Helpware: A Clean Night’s Sleep

By Harold Glicken Tribune News Service

WWR Article Summary (tl;dr) Some 80 percent of sleep apnea patients aren't diagnosed. They live with all the effects of sleep apnea without knowing why they're snoring, gasping for air and not being able to stay asleep.

Tribune News Service

If your neighbors in the next county complain about your snoring, chances are good that you're among the estimated 22 million Americans who suffer from sleep apnea.

Despite its depiction as "ZZZZ's" in comic strips, snoring is no laughing matter.

Left untreated, sleep apnea can cause high blood pressure, stroke, heart problems, diabetes and other serious problems.

It occurs when throat muscles relax and a patient can't get enough air to stay asleep.
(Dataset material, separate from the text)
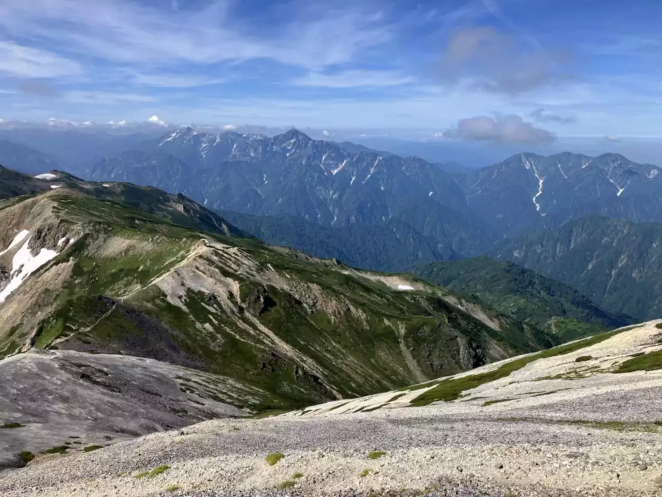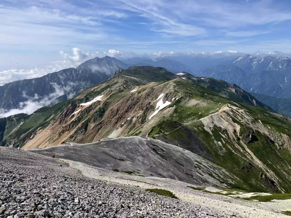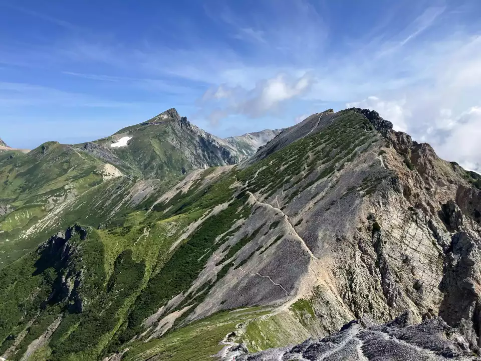 小蓮華山を後に、白馬岳へと続く稜線も素晴らしい。

Some patients, monitored in a sleep lab, wake up briefly 30 times an hour in severe cases.

By morning they may have a monster headache from lack of oxygen. Since snorers don't get enough sleep at night, often they're sleepy during the day.

Americans don't get enough sleep to begin with; imagine how risky it is to drive after a fitful night of snoring. Or how difficult it is to stay awake during long business meetings.

Sleep apnea can be triggered by such conditions as being overweight, smoking and having nasal congestion. Men are twice as likely as women to have sleep apnea.

But some 80 percent of sleep apnea patients aren't diagnosed. They live with all the effects of sleep apnea without knowing why they're snoring, gasping for air and not being able to stay asleep.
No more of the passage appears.